Читаем От слов к телу полностью

И все же сама чрезмерная громоздкость ошибки Беньямина (в пределах короткой фразы перепутаны фонтан и памятник, Эйзенштейн и Пудовкин, Москва и Петербург, несколько визуальных источников)[463] заставляет заподозрить в этом экфрасисе-монтаже мыслительный образ (

Denkbild), то есть прочитать эту, вероятно, действительно образовавшуюся в сознании философа путаницу, «ошибку», как результат приложения его сильной и очень определенной мыслительной интенции. Текст рецензии дает для этого основание, поскольку представленное в нем довольно точное описание видов из альбома одновременно в крайне сгущенном, до поэтической метафоричности, виде отражает доминантные визуально-идейные образы Москвы, которые сам Беньямин создал в «Московском дневнике» и эссе «Москва». Философ увидел в пореволюционной столице, полной пафоса технического и социального преобразования[464]
, черты деревни, предместья, степи и «архитектурной прерии», чему по большей части и посвящена рецензия («улицы окраин с запинающимися дощатыми заборами, уходящими в бесконечную даль /…/ церквушки самой древней части Кремля, похожие на хижины лесных отшельниц, /…/ Красная площадь, в которую со всех сторон вливается русская степь, /…/ крыша храма Василия Блаженного — большое одеревеневшее степное село без окон, без дверей, Исторический музей, который здесь неожиданно выглядит очень по-московски и одновременно, только здесь, в Москве, походит на Шарлоттенбург, /…/ дачи, летние загородные домики, покосившиеся заборы которых скорее зазывают, чем отгоняют пришлых гостей, и дачи зимой, спящие глубоким и печальным сном, какого не ведает самое заснеженное поле и самый одинокий погост»).

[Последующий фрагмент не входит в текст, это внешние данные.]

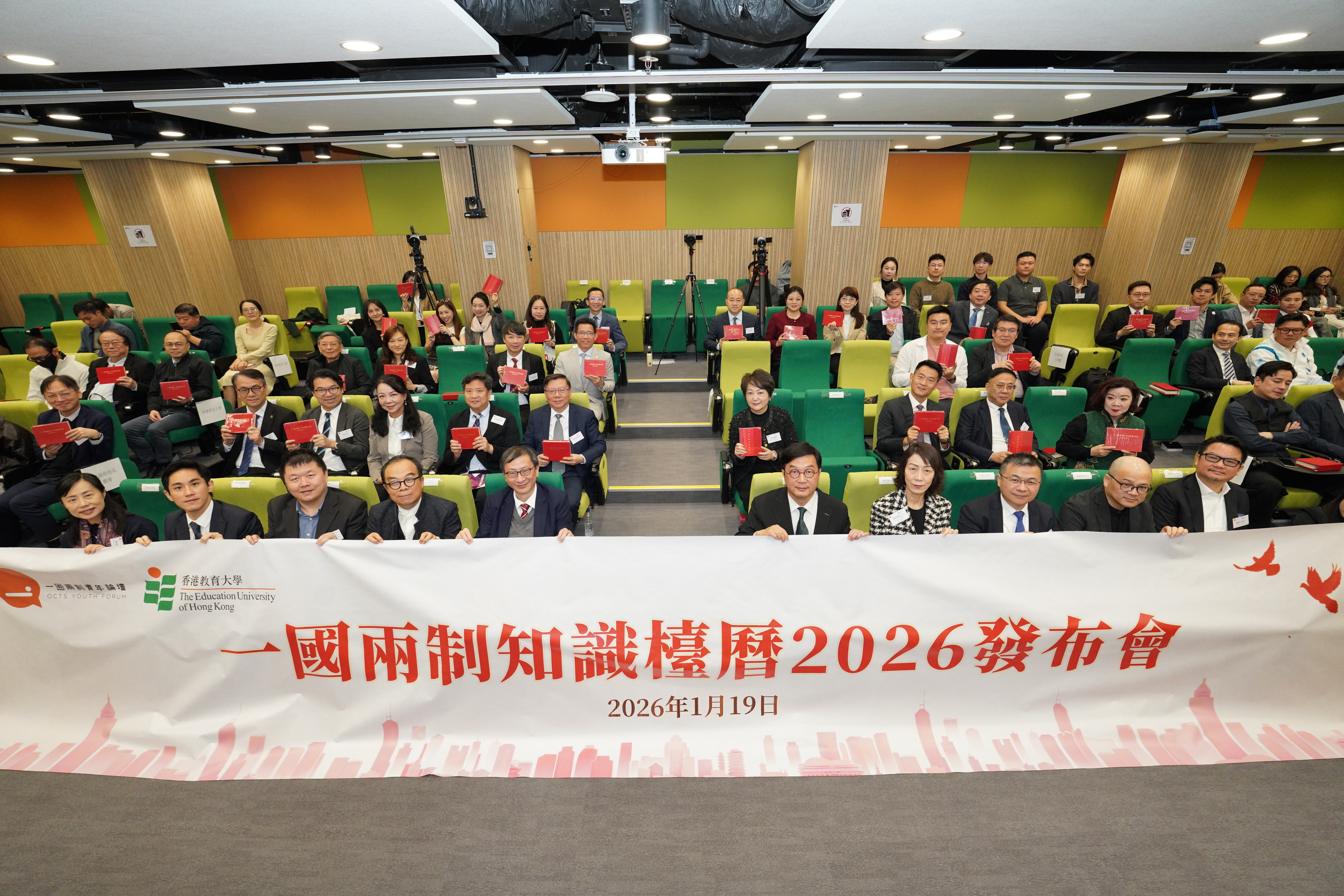 由香港教育大学(教大)与「一国两制青年论坛」共同主办的「《「一国两制」知识台历》2026发布会」1月19日于教大北角教学中心隆重举行。活动邀请来自中国内地与中国香港的专家学者出席,并向学界、工商界及社团代表赠阅新版台历,充分展现社会各界对「一国两制」实践及未来发展的高度重视。
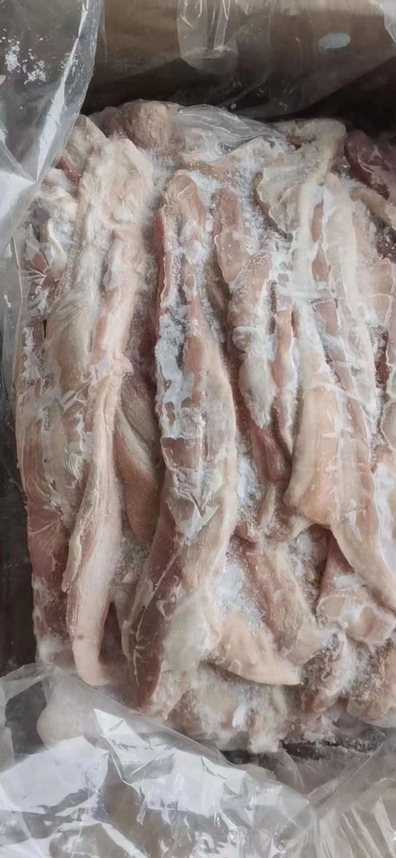 去皮五花肉条,安徽提货, 原始检疫,22年3/4月份生产 10吨。无变色,无变味,无中间隔膜。 通出,11000元
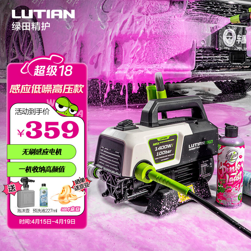 绿田(LUTIAN)高压洗车机御兔R4感应家用清洗机洗车水枪水泵无刷车洗车神器
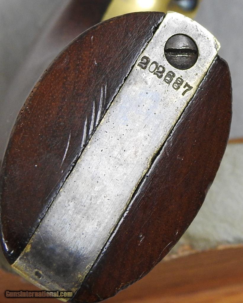 Description: This is a nice Colt 4” 1849 Pocket with serial number 202687 and is matching numbers. It is a 6 shot and was made in 1862. The mechanical function is very good, crisp and tight. The bore has strong rifling but does show some minor corrosion near the cylinder. It still retains over 65% blue, 95% cylinder scene, 50% case colors and over 93% grip varnish. The trigger guard and back strap still has 45% silver and most of the safety pins are still there. I would consider trades for pre 1899 ANTIQUE PISTOLS and rifles on any of my items.. WHAT DO YOU HAVE TO TRADE? Ask about our 30-90 day lay-away program. We accept Bank Check, Money order, Personal checks or wire transfer. SOLD Antique: Yes Manufacturer: Colt Model: 1849 Pocket Serial Number: 202687 Barrel Length: 4 |
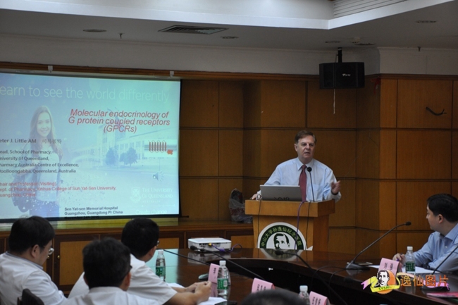 Peter J Little教授首先介绍了G-蛋白偶联受体(GPCRs)与动脉粥样硬化及药物靶点的关系,G-蛋白偶联受体(GPCRs)靶点因占其中受体的绝大多数而备受关注。他用丰富的实验结果和科研事实,为大家揭示了GPCR与糖尿病及动脉粥样硬化这些疾病的关系,并重点提到了Thrombin与G-蛋白偶联受体(GPCRs)的之间关系,开阔了大家的国际科学研究视野。在简短的讨论之后,Peter J Little教授介绍了澳洲的药学教育情况,他从自己的学习工作经历开始,生动地讲解了澳洲的药学教育及药师工作情况,重点介绍了他现在生活和工作的澳大利亚昆士兰大学,让大家充分领略了国际药学大师的讲课风采。
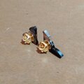 【特別価格】ピアス 白&黒仲良しネコ 木彫り 両耳 黒柿(クロガキ) 各1点ものとてもいい風合い!
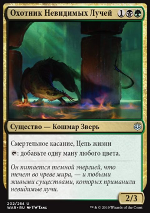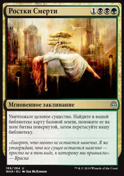 –2: посмотрите четыре верхние карты вашей библиотеки. Вы можете показать находящуюся среди них не являющуюся существом или землей карту и положить ее в вашу руку. Положите остальные карты в низ вашей библиотеки в случайном порядке.
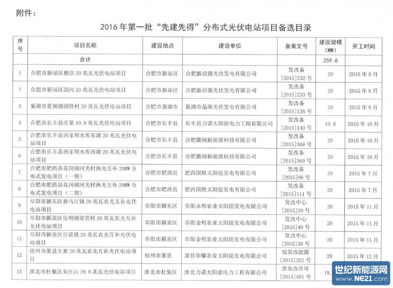光伏电站项目开发管理的通知》(皖能源新能〔2015〕26号)精神,现将这13个项目列入我省2016年第一批“先建先得”
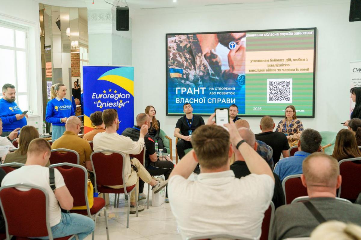 Серед спікерів були адвокати, психологи, ветерани, підприємці тощо. Службу зайнятості представила Ірина Рудковська, член постійно діючої комісії Вінницького обласного центру зайнятості з питань надання мікрогрантів/грантів на створення або розвиток власного бізнесу.
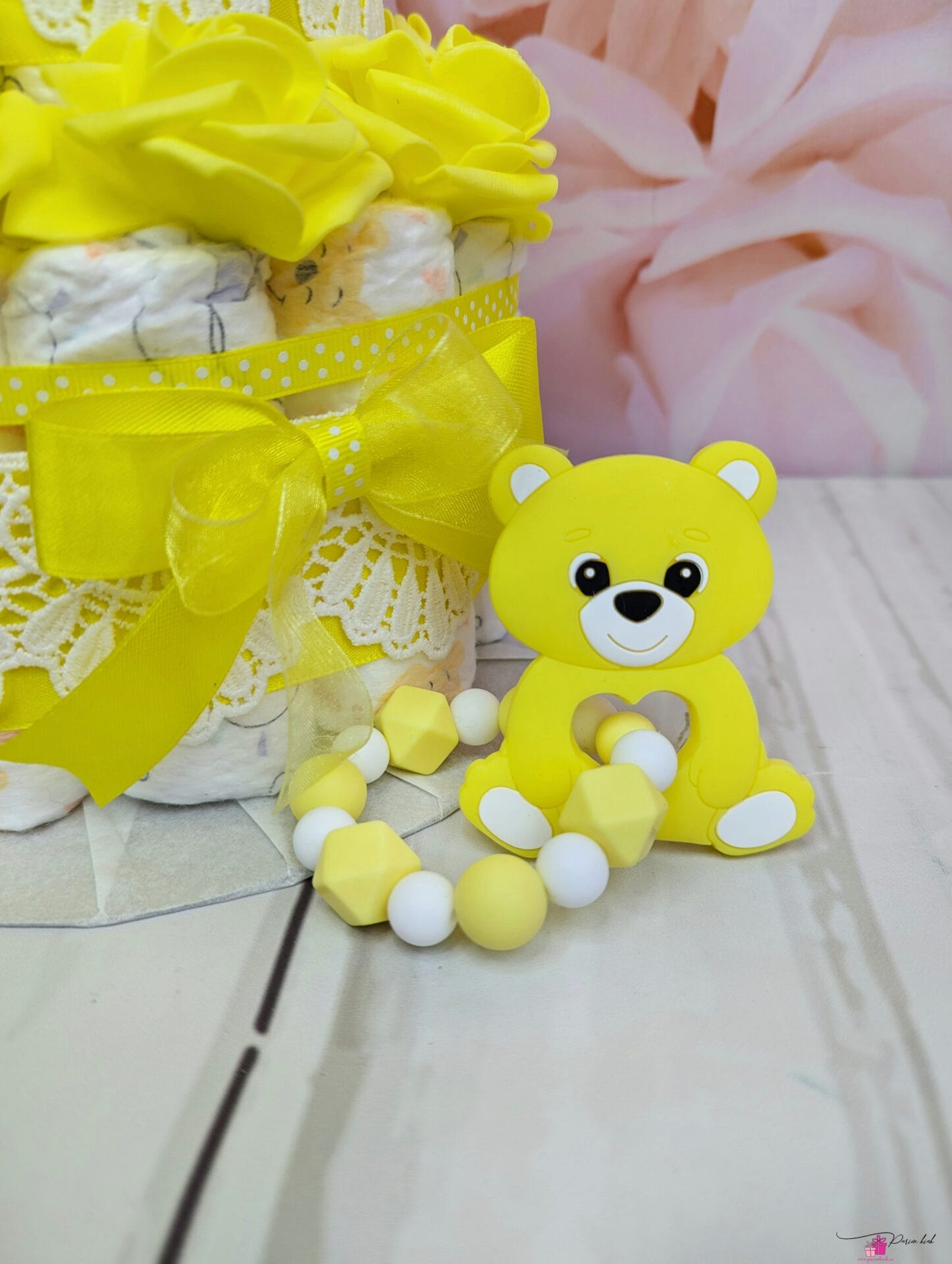 See mähkmetort on täpselt paraja suurusega ning väga praktiline. Selles on nii mähkmeid, kui ka närimisrõngas, mis aitab beebit hammaste tulekul.
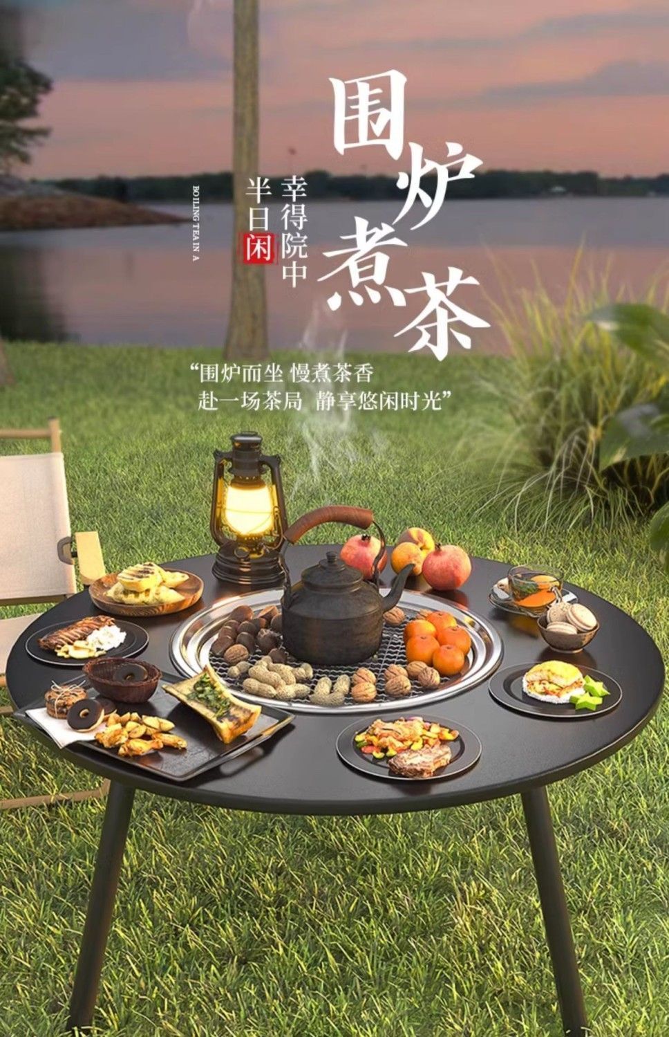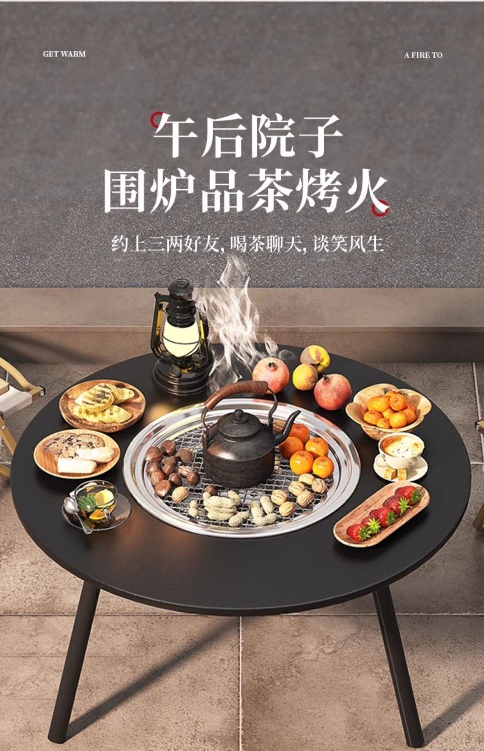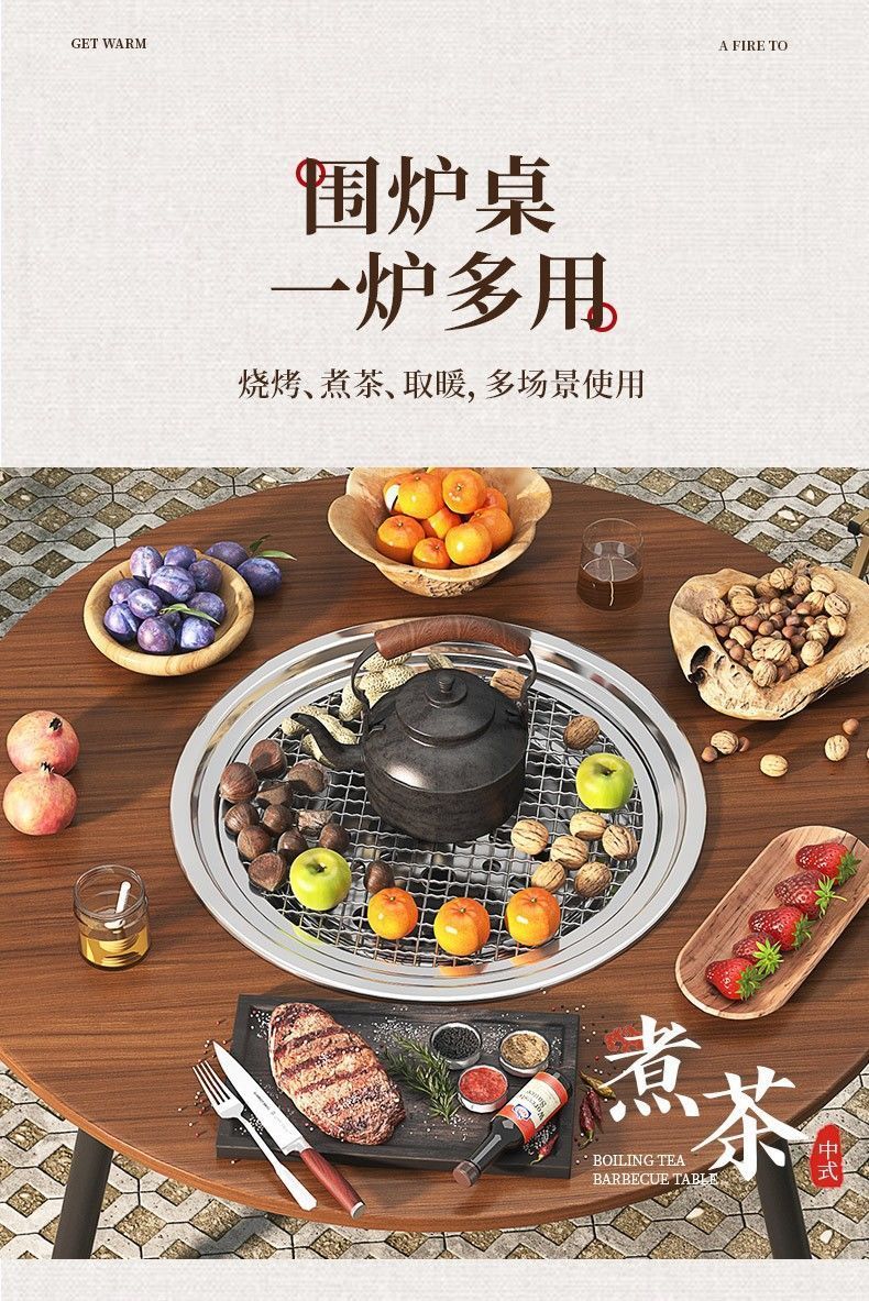 围炉煮茶烤火炉套装器具全套便携户外烧烤庭院烧烤炉套装家用器具
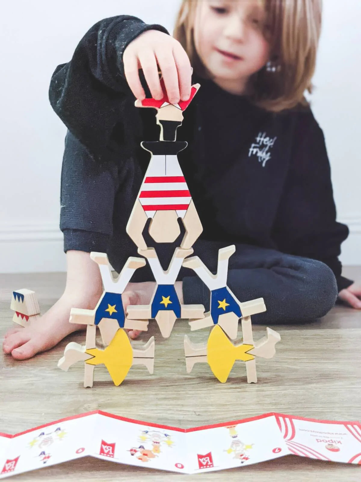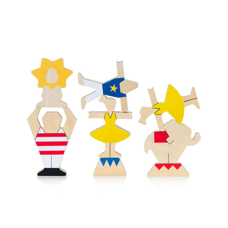 Wooden circus balancing game made up of joyful and colorful characters piled on top of each other to create fun circus shows..
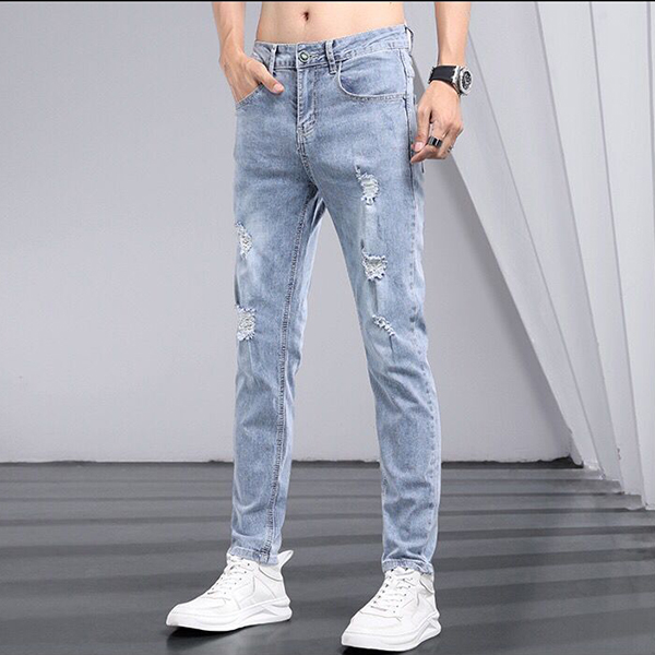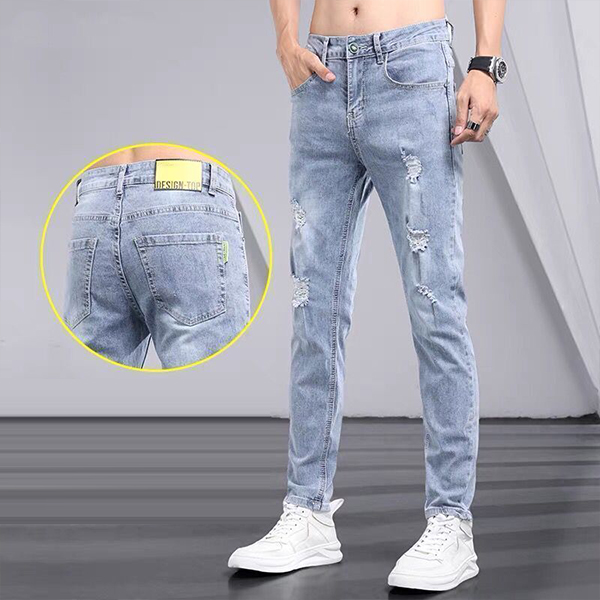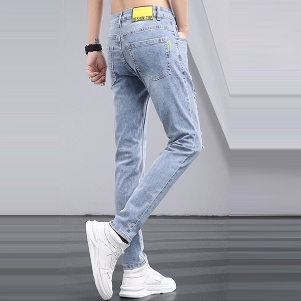 Slim-Fit Rippade Jeans för män: Ljusfärgade Stretch Denim Vardagsbyxor
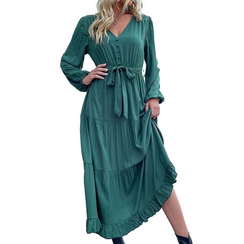 Independent Station Foreign Trade Autumn And Winter European And American Fashion Women's Long-sleeved Solid Color Dress
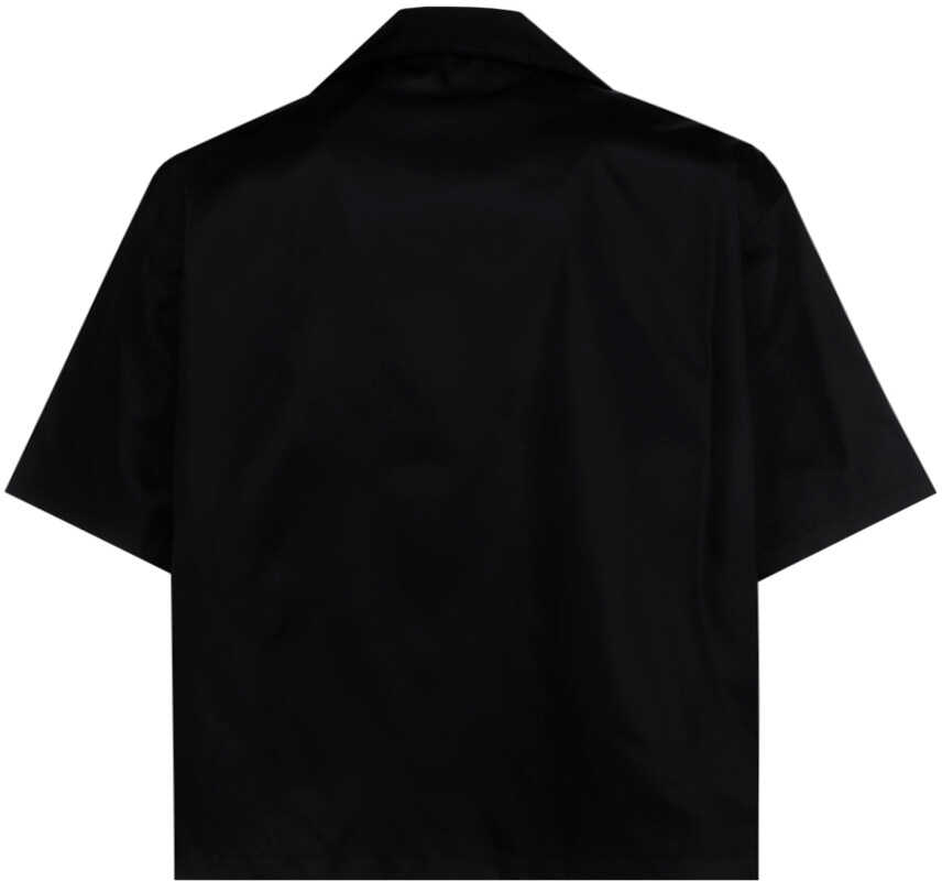 Nylon Shirt by Prada, classic collar, snap button closure, two welt zip pockets, front pocket with triangle logo plaque, short sleeves.
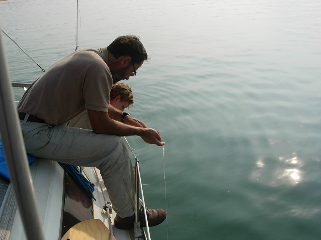 Como seguíamos sin viento, dedicamos la mañana a intentar pescar, pero no cayó nada aunque había un banco de peces a la sombra del Corto Maltés pasando el día. Como no llevábamos cebo lo intentamos con salchichón, y se ve que no les gusta.
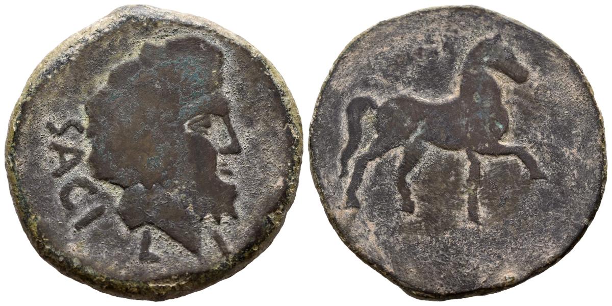 SACILI (Pedro Abad, Cordoba). As. (Ae. 17.06g/33mm). 120-50 BC (FAB-2020). Obv: Male head right, behind legend: SACILI. Rev: Horse walking to the right. Almost Very Fine. Profiled and contemporary patina.

Также Беньямин в рецензии уподобляет город женщине, что мотивировано его личным опытом неудачного завоевания сразу двух «неприступных крепостей» — Аси Лацис и Москвы: «…сама эта (Кремлевская. — М.М.) стена с зубцами, внушающими благоговейный трепет и сочетающими в себе приятно-сладкие черты и грубоватость, свойственные лицам русских женщин, <…> река Москва, у берегов которой город, как деревенская девица, подошедшая к зеркалу, смотрит уже приветливее». Москва интересует его как место власти («Храм Спасителя, ничего не говорящий, как лицо царя, и жестокий, как сердце какого-нибудь губернатора, <…> кремлевские ворота, которые умели крепче всех ворот Европы замыкать в своих пределах почитание и ужас») и торговли, имеющей черты не капиталистической фантасмагории, воплощающей тайные желания, а хаоса, с элементами домашности («бесчисленные стаи парусиновых палаток, опускающихся в базарные дни на Арбат и Сухаревскую площадь, и сама Сухарева башня, эта громадная изразцовая печь, которую невозможно растопить»).

Если рассматривать монтаж-экфрасис «…эти путти при никчемных памятниках, обращенных Пудовкиным в аллегорическую груду железного лома» как Denkbild, то его смысловой фокус — в различии между символизмом Эйзенштейна и аллегоризмом Беньямина: у Эйзенштейна символический смысл сосредоточен в революционном — и монтажном — жесте разбивания памятника[465]

, Беньямина же не интересует ни этот очевидный революционный символ (что, возможно, и выявлено заменой очевидного из контекста Эйзенштейна «ошибочным» Пудовкиным), ни сам традиционный пластический образ власти — памятник властителю, который он именует «никчемным» и связывает с «путти», которые в этом контексте можно понять как нечто устаревшее и сугубо орнаментальное, то есть семантически пустое. Смыслом у Беньямина наделен только «аллегорический железный лом», иными словами — руина, то, что в другом месте философ назвал «торсом символа»[466].